Retaining much of his wit throughout life, friends and colleagues remarked he had a habit of driving his wheelchair recklessly. At Oxford, Hawking was known as a daredevil on the college rowing team, often steering his team on risky courses and damaging several boats.
One humorous experiment he chose to carry out was a party for time travelers. Despite announcing the event publicly and sending out invitations not a single one showed up. To make sure no one cheated, he actually kept the party a secret until after it had taken place. Sitting alone at the party, he decided he now had scientific evidence that time travel was impossible.
Genius
Extolled as a genius today, biographers note he wasn’t very successful academically in high school. By the time he was in Oxford, he claimed he studied for over 1,000 hours. Hawking collaborated with Roger Penrose to develop a theory of singularities, even offering that the universe may have once started as one.
Stricken with paralysis, Hawking had little ability to write down notes or equations for study, meaning most of his calculations were done entirely in his head. Many compare this to Mozart’s ability to compose symphonies in his mind.
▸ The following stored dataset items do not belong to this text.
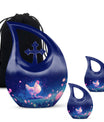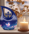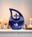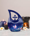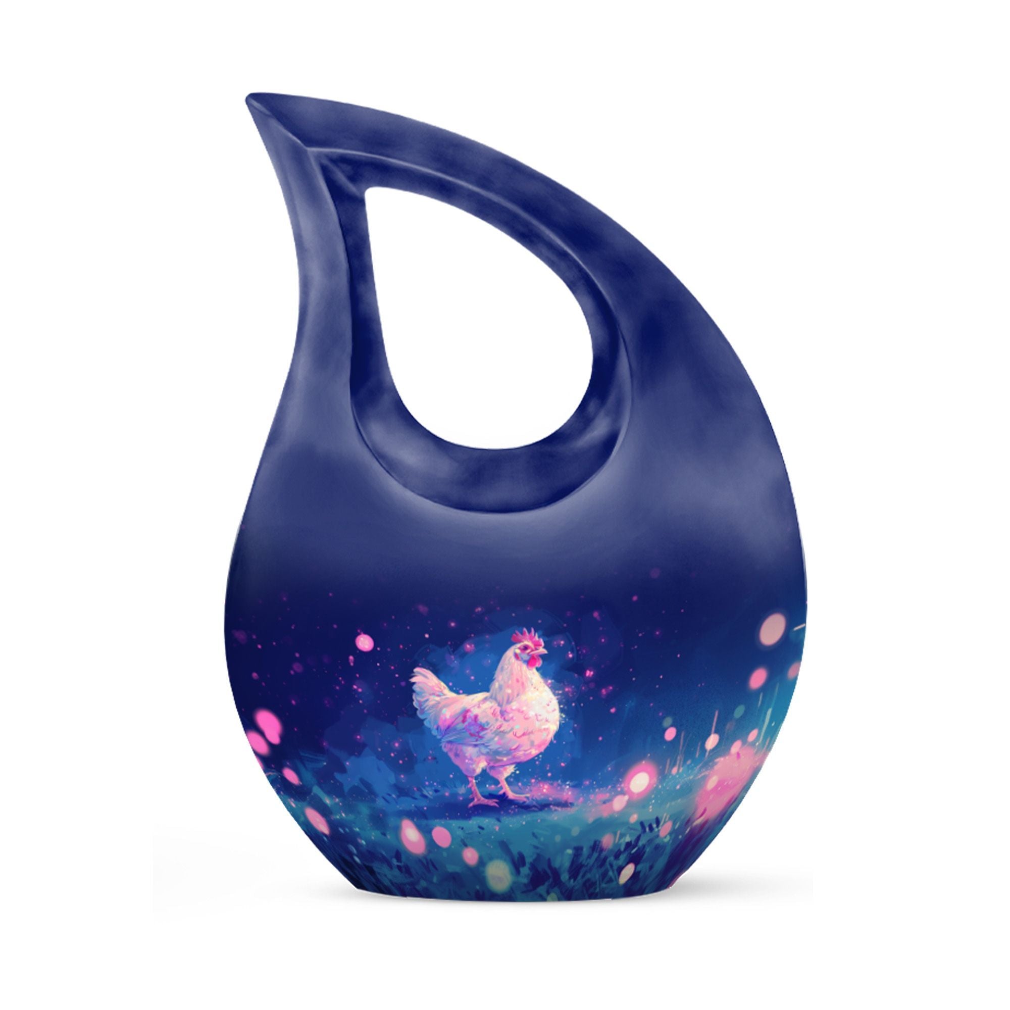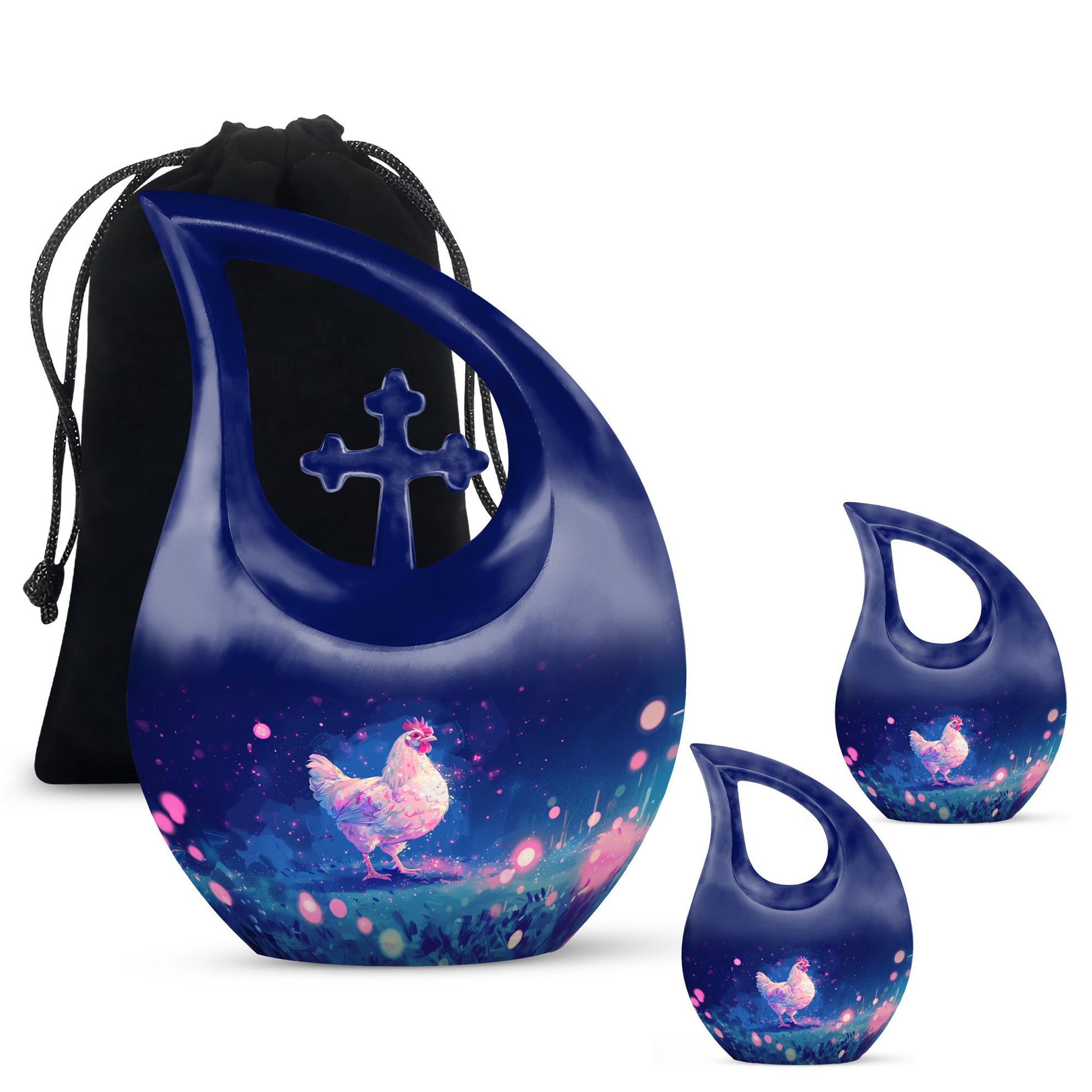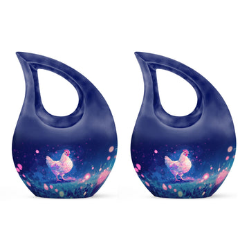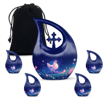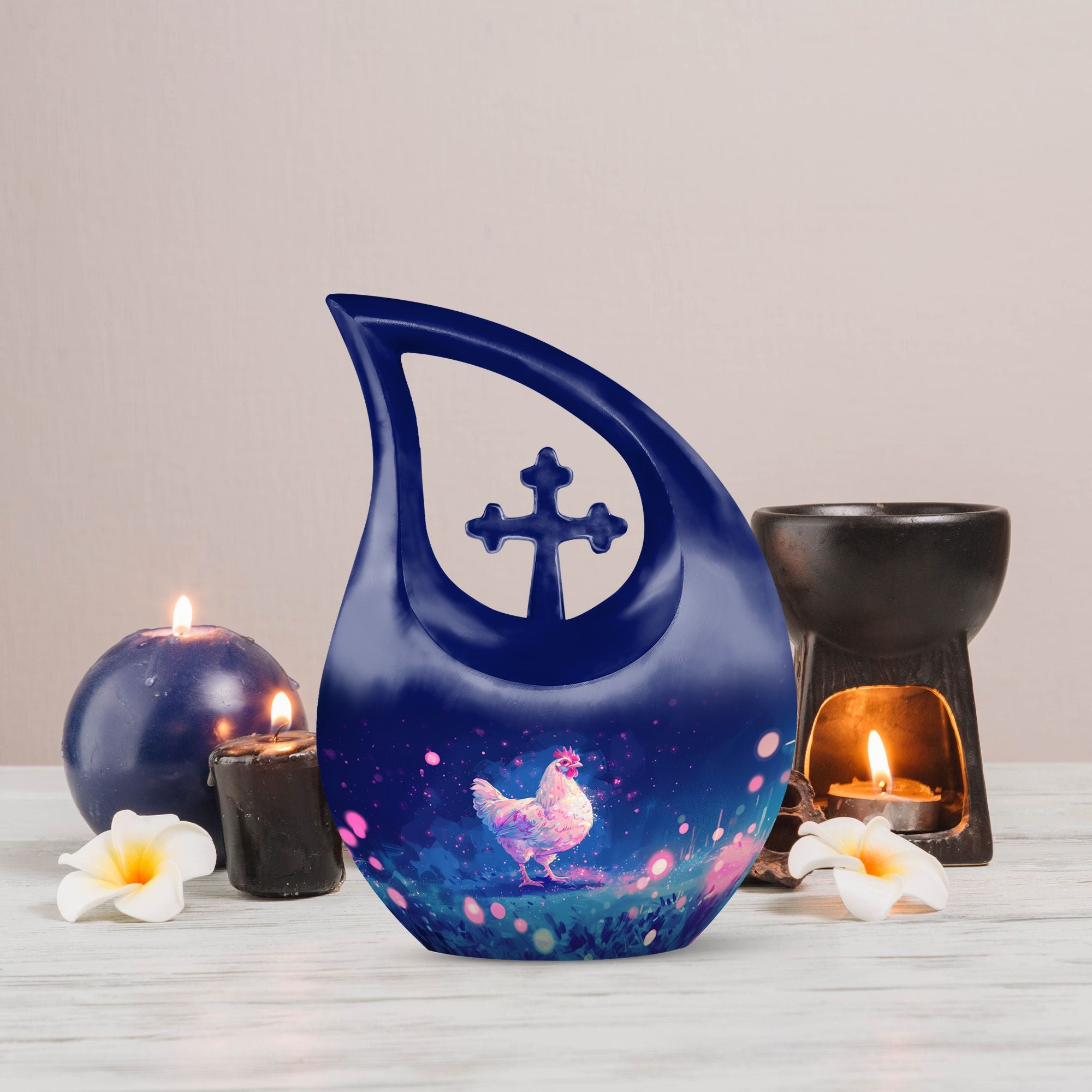 Presenting the Magical Chicken Cosmos Urn, a tranquil piece meant to symbolize life’s precious journey, designed specifically for those seeking unique and affordable memorial urns. Standing gracefully with a size of 10 inches, this large urn carries an emblematic Cross Drop design, reflecting spiritual peace and serenity. Cast from sturdy aluminum, it weighs 3.3 pounds and gives the assurance of enduring time, safeguarding memories with grace. The urn provides a substantial capacity of 200 cubic inches. Accompanied by a delicate velvet pouch, it enables worry-free containment of your loved ones' ashes. Brimming with personal touch, you can customize it with engraved names, bringing an emotional closeness with your departed. The Magical Chicken Cosmos theme adds an unexpected touch to it, promising it as one of the cool urns available out there. Also serves as a companion urn, confirming its position among the best high-quality urns for human ashes. Stay assured, your search for memorial urns for human ashes ends here.
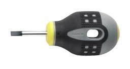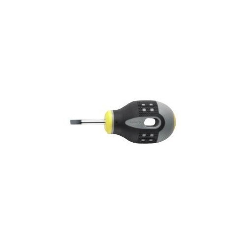 BAHCO 3 1/4 inch ergo slotted screwdriver with cabinet tip features the three component ergonomically designed handle provides comfort and maximum grip even with oily hands. The color coded handles indicate tip type and show tip type symbol on butt of handle for quick identification. The cabinet tip allows access to recessed screws. The black oxide tips prevent chipping of chrome to reduce possible contamination at work location. The tip width is 7/32 of an inch.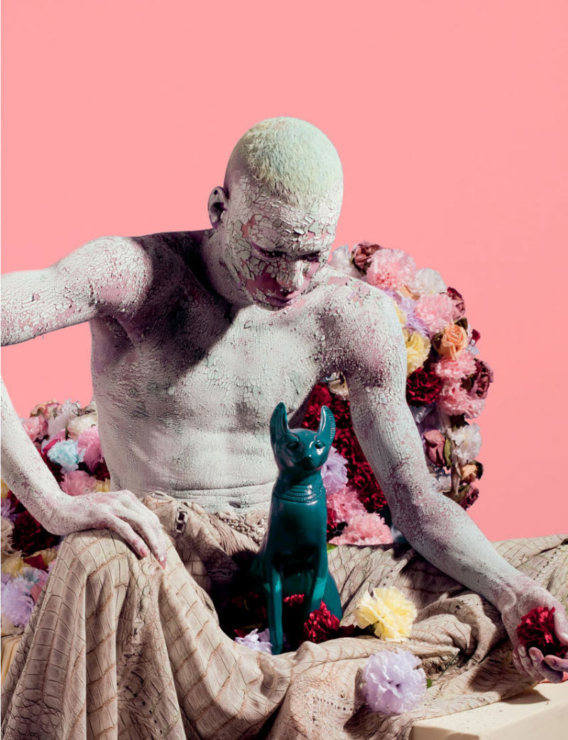 Divine Purpose–Photographer Matthew Stone and stylist Matthew Josephs reunite for the summer issue of i-D. Aided by the grooming of Isamaya Ffrench and set design by David White, Daniel Bamdad, Korrel Kennedy and Theio Maddix join Alek Wek for a visually stunning feat highlighting pieces from labels, ranging from Kenzo to Prada.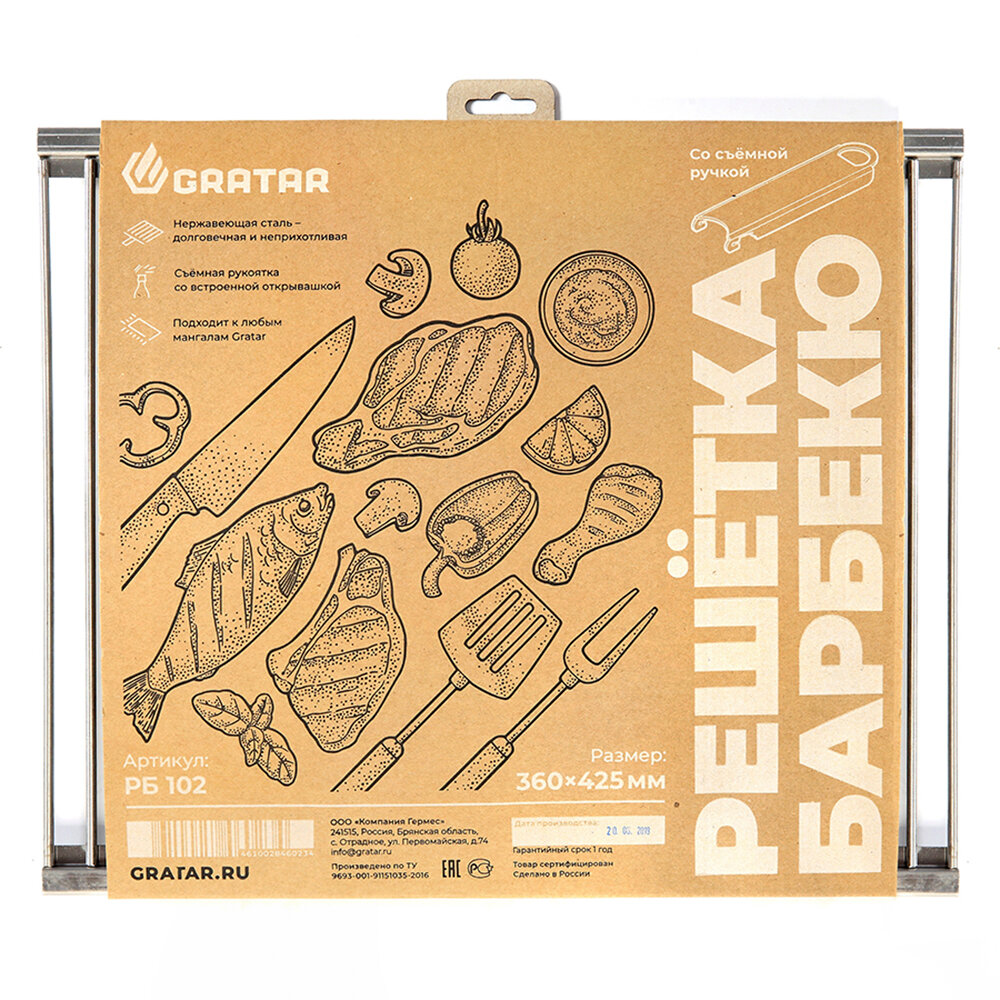 Решетка барбекю GRATAR нержавеющая сталь, съемная ручка РБ-101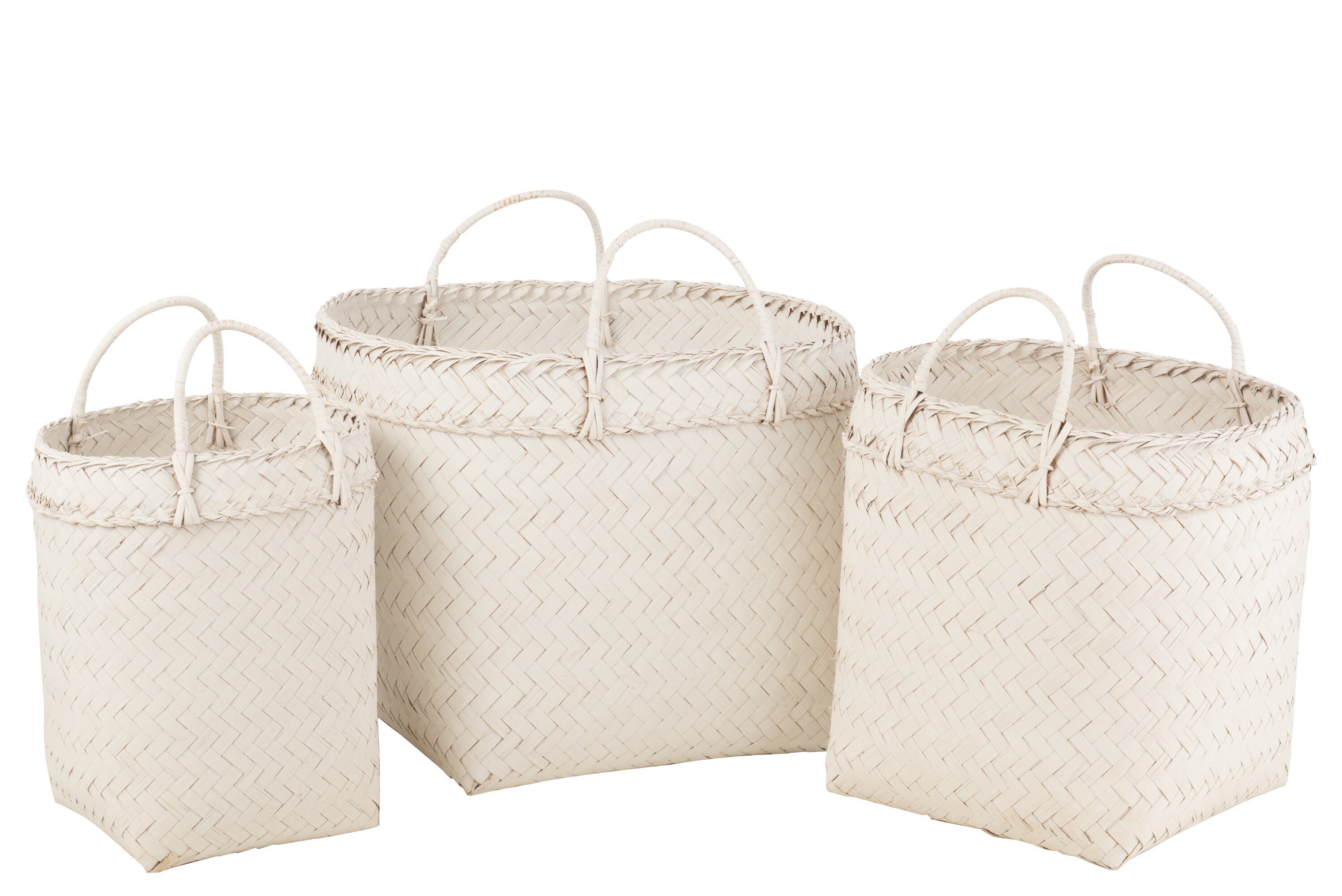 J-Line - Set Van 3 Manden Vierkant Rotan Wit - 48x48x54cm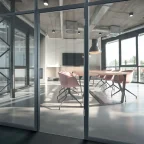 Voor glasdeur in gelijkliggend vlak.

Hawking himself describes a sensation of interpreting equations as geometry.
Continuing his research on black holes, he would collaborate to develop the four laws of black hole mechanics and even have a form of radiation emitted from black holes named after him. He would later begin exploring quantum mechanics, with much of his findings abbreviated in the short book, A Brief History of Time, which described much of his work in a way anybody could understand. Finishing the book using his voice-to-text system, it has sold over 10 million copies.
Becoming popular for his work as a science writer, Hawking became important to the proliferation of scientific understanding, the future of humanity, and disability awareness. By the time of his death, he earned his spot as one of the all-time great scientists of the cosmos, alongside figures like Einstein, Galileo, Newton, and Copernicus.